I have been thrown into some confusion by the terrible events in the underwear industry.

No doubt you will know, and be as horrified as I was to have discovered, that Rigby and Peller, knicker suppliers to Her Majesty The Queen, have lost their Royal Warrant.

They are also the suppliers of my own smallclothes, as regular readers might recall.

I have been profoundly shocked by Her Majesty’s withdrawal of her custom, which appears to have been because her own bra fitter has published a book, Revealing All, called Storm In A D Cup.

How she could have done such an unspeakably dreadful thing is completely beyond me. The Queen’s relationship with her underwear, as far as I can see, is entirely her own business, and not at all the sort of thing that should be revealed to the nation, in any sense of the word.

Therefore, in solidarity with our dear Queen, I have decided to withdraw my own custom from them. In any case, if Number Two Daughter does, in the end, decide to marry Prince Harry, I would not want the lady who fits my underwear to be ringing up the Daily Mail with details of my spare tyre or remarks about the frequency of my armpit-shaving activities.

This boycott is not an entirely disastrous activity, since there are one or two other shops who sell the brands of underwear that I favour. The thing is that I have got absolutely no idea what it all is.

I do not actually know what size I am, as such vulgar and potentially unflattering discussions are not in the remit of the charming and once reliably discreet staff of Rigby and Peller. They do not even measure you. Your dignity is preserved by the expertise of the staff, who eye you up as you come through the door, and then whilst you are drinking your welcome glass of Prosecco, produce various pieces of underwear that they have decided will be the very best fit.

Then they get your husband drunk whilst you try it all on, and when you have decided which things make you look marginally thinner, and he has become cross-eyed with trying to choose between pink gingham and black lace, they encourage him to get his credit card out.

This is not an activity to be undertaken on a tight budget.

It might be that it is not an activity in which I will ever indulge again.

I feel sad about this, but would like to stand by the Queen.
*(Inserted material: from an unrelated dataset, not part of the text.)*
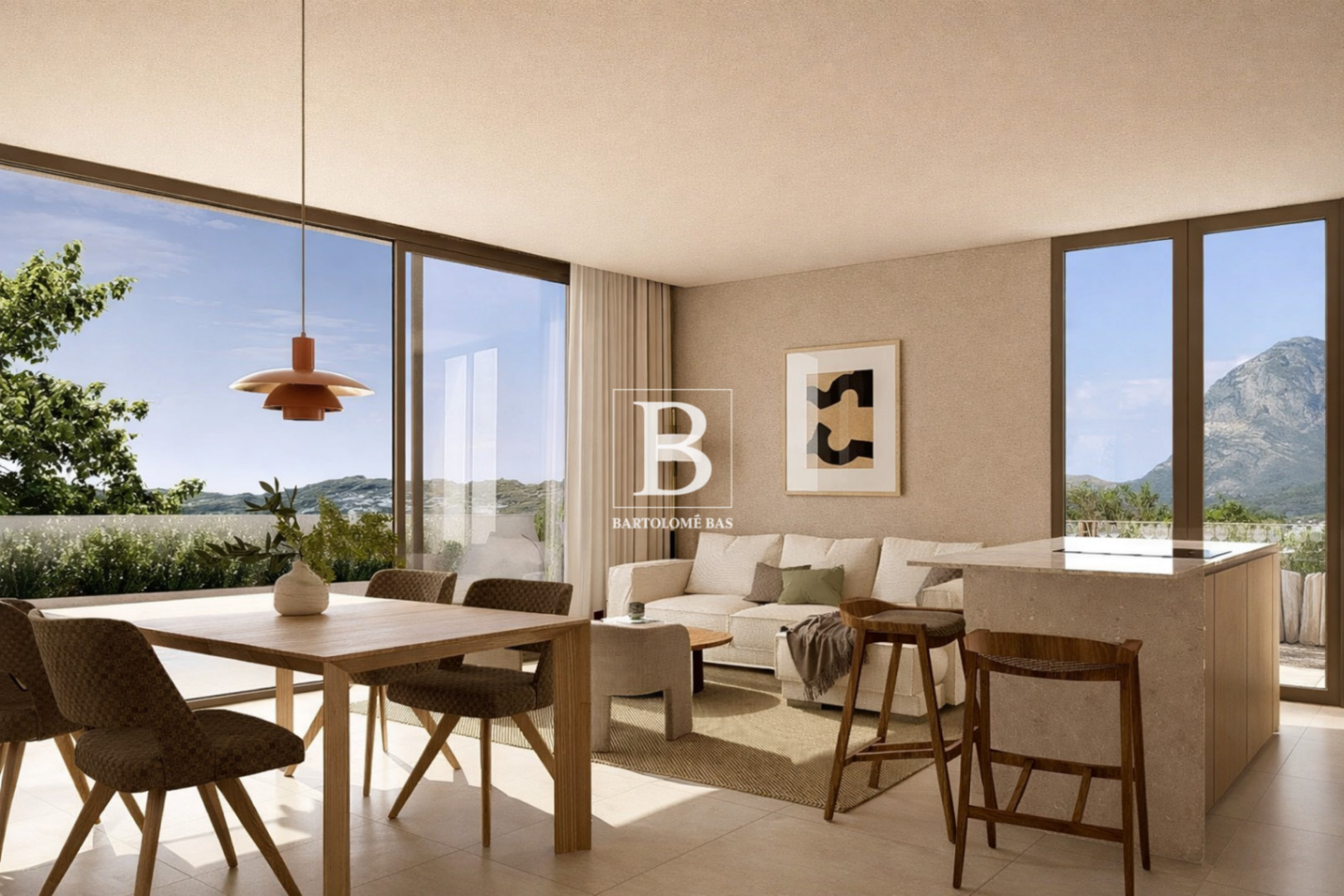 La vivienda cuenta con una superficie interior confortable, organizada en torno a un salóncomedor con cocina abierta, concebido como un espacio funcional y acogedor. Los grandes ventanales permiten una conexión directa con el exterior, aportando luminosidad y sensación de amplitud.

I am going to have to telephone them, and ask them for my size and a list of the things that I like best. It is peculiar to think that the Queen will have had to do this as well.

I am sad about this today. I will have to find another knicker shop now.

Fortunately I am not in need of new underwear just at the moment, which is just as well as we are not earning very much money. I am on the taxi rank and it feels a bit like being the last person alive just before the first zombie shuffles around the corner.

We emptied the trailer of firewood this morning, and stacked it all safely under cover in the wood sheds, which was wonderful. Mark refilled the trailer today, for me to empty in the morning. We have now got enough wood now to keep us going for some considerable time, and also to keep the house beautifully warm if the forecast snow turns up next week. I can hardly describe what a relief that is.

I bathed the dogs whilst he was collecting firewood, because they smelled vile, and then cleaned the bathroom. This is a natural segue in occupations. In the end I came out to work.

I have had a swim, and sent a photograph to Number One Son-In-Law, who needs one for Ritalin Boy to take to school. They are studying family trees and wanted a picture of a grandparent to stick on the display on the wall.

I have attached my chosen picture at the top, because it is one of my favourites. I feel it captures something of my Inner Self.

You have seen it before but I have added it again anyway.